Through the lens of the current crisis, these principles and tools underscore the following contributing factors to partnership success:

  1. Ensure clarity of purpose in all COVID dialogue/coordination efforts: The strategic effectiveness of the COVID-19 response begins with clarity of purpose in dialogue with different actors (i.e. clear goals and objectives) and the co-creation of action plans based on a shared understanding of these goals and priorities, how they can be addressed most effectively and in which order. This is more likely to incentivize collective resource mobilization and generate smart investments around targeted actions with immediate impact.
  2. Include diverse country perspectives, talents, expertise and skills to chart the way forward: The inclusion of diverse perspectives in the dialogue will help to ensure that international and domestic mobilization efforts build on the knowledge, assets and expertise of experienced NGO and CSO partners already active on the ground and avoid role duplication.

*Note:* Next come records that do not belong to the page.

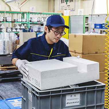 サンテックは半導体関連装置をはじめ電子顕微鏡や航空機部品など、幅広い分野で高品質・高精度の金属加工を行っています。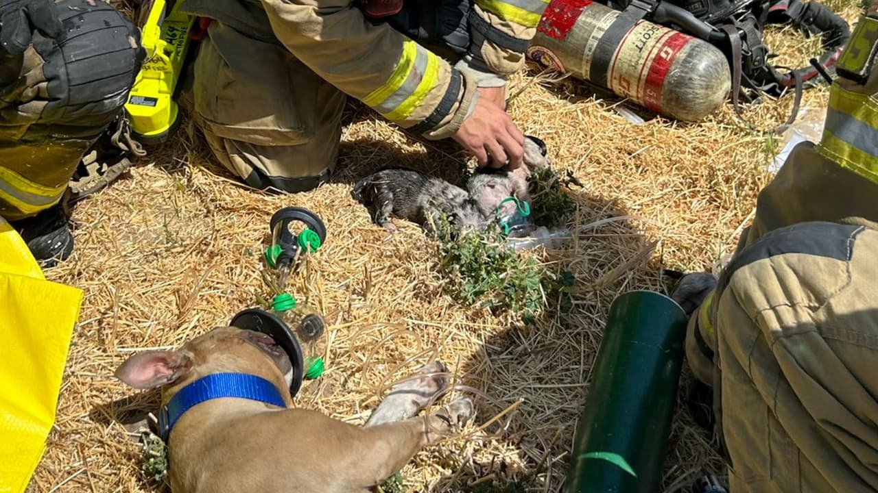 Al menos seis cachorros fueron rescatados y tuvieron que ser reanimados con oxígeno, al igual que su mamá.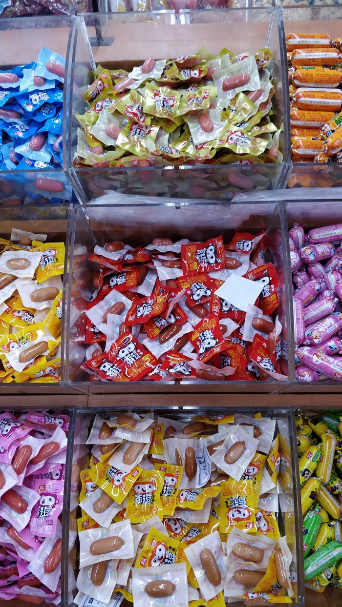 А вот что часто едят в Китае - это снеки. Вернее, любую еду можно найти в виде снеков: упакованные по 1 шт. печеньки, ягоды, фрукты, куриное яйцо. Одна куриная ножка или одна сосиска. Желе, колбаски, конфеты, сухофрукты и т.д. Это правда удобно - положил в карман или сумку, перекусил в любое время.

Mapping and leveraging existing global and country evidence, infrastructure and equipment, and building cooperative relationships with country stakeholders, will be critical in taking commitments “to scale” and ensuring longer-term sustainability.
  3. Ensure clear governance arrangements: Clarifying leadership roles and relationships between different bodies involved in the COVID education response (including with other sectors), as well as authorities over different types of decision-making, will facilitate decision-making and monitoring of progress towards the commitments made.
  4. Ensure working arrangements are flexible, fit-for-purpose and well-communicated: Working arrangements should be flexible and fit for taking priorities forward. This includes agility in decision making based on best available evidence or knowledge, reorganizing and adapting organizational roles as necessary, managing stakeholder contributions and communicating regularly to ensure that all partners are informed of decisions taken, progress made and wider modalities for collaboration.
  5. Review dialogue and coordination arrangements regularly to learn and adapt. Carving out a space for regular review will enable education partners to identify bottlenecks, capacity and resource challenges as they emerge and air any concerns relating to the overall partnership mission and goals. Regular review also contributes to maintaining healthy partnership dynamics, credibility and legitimacy within the education community.

For further information on GPE’s guidance and tools, please see:

  • Principles towards effective local education groups focus on the possible core functions of a local education group which contribute to its strategic effectiveness, the main challenges to realizing these functions and the key principles for effective policy dialogue based on agreed priorities, organizational and collaborative capacities.
  • LEG self-assessment and performance feedback tools can be used to facilitate a structured reflection among education actors on the purposes and quality of the policy dialogue within a given sector coordination mechanism, key challenges, and actions or building blocks for strengthening the group’s effectiveness.

The principles and tools are complementary to, and feed into, GPE’s broader Effective Partnership Rollout, which seeks to make partnership more impactful at country level through more effective processes and engagement, and greater focus on government ownership and capacity.